Si l’ouvrage contient une première partie exclusivement dédiée à la Bretagne, « bastion du PSU », où l’on voit que la question régionale ne cesse de faire l’objet de discussions tout au long des années 1960 et 1970 (cf. les articles de Fabrice Marzin et de Tudi Kernalegenn), on suit ensuite l’évolution des débats entre les kyrielles de tendances à travers les régions françaises, et les différences d’implantation du PSU selon les secteurs professionnels, de la paysannerie au monde enseignant en région parisienne (traité dans un bel article d’Ismaïl Ferhat), ou de l’histoire des ESU (« Étudiants socialistes unifiés ») au rôle déterminant dans la lutte contre la guerre d’Algérie, comme le montre Étienne Pingaud dans une passionnante intervention.
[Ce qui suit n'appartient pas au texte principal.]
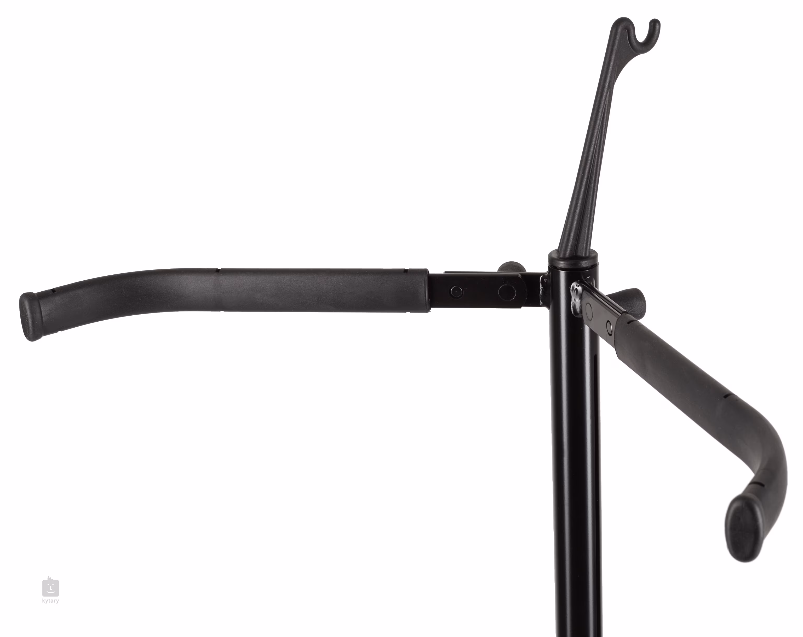 Wszystkie powierzchnie styku pokryte są ochronną warstwą gumową, która zapewnia maksymalną ochronę lakieru instrumentu przed uszkodzeniem. Dużą zaletą jest możliwość szybkiego i łatwego złożenia, dzięki czemu stojak nadaje się również do podróży. Oprócz uchwytu na smyczek jest on również wyposażony w podstawę na kolce, której kształt litery „V” automatycznie ustawia instrument w prawidłowej pozycji, ułatwiając umieszczenie wiolonczeli w stojaku.

Le PSU vu d’en bas accorde donc une place prépondérante à ses militants dits « de base », à son histoire « en régions » et à la multitude des sensibilités qui l’ont traversé. Or, ce choix délibéré des auteurs s’accorde très bien à leur objet d’étude, c’est-à-dire un parti que François Furet avait un jour qualifié avec justesse d’ « extraordinaire kaléidoscope de militants et d’idées à travers lequel on peut voir paraître à peu près toutes les traditions antagonistes du mouvement socialiste depuis la fin de la Première Guerre mondiale [^4] ». Tout en proposant en fin de volume un (incroyable !) organigramme des fusions, scissions et regroupements de tendances tout au long de l’histoire du PSU et, au-delà, de ses successeurs jusqu’aux actuels Alternatifs, ce livre entraîne le lecteur dans une sorte de voyage parmi les expérimentateurs de ce « laboratoire d’idées » que fut le PSU.
[^2]: Histoire du PSU. 1.La fondation et la guerre d’Algérie (1958-1962), La Découverte, 1994.
[^3]: Paris-Montpellier, PC-PSU. 1945-1963, Gallimard, 1982..
[^4]: Dans son article sur le livre de Marc Heurgon, le Nouvel Observateur, 13 avril 1995.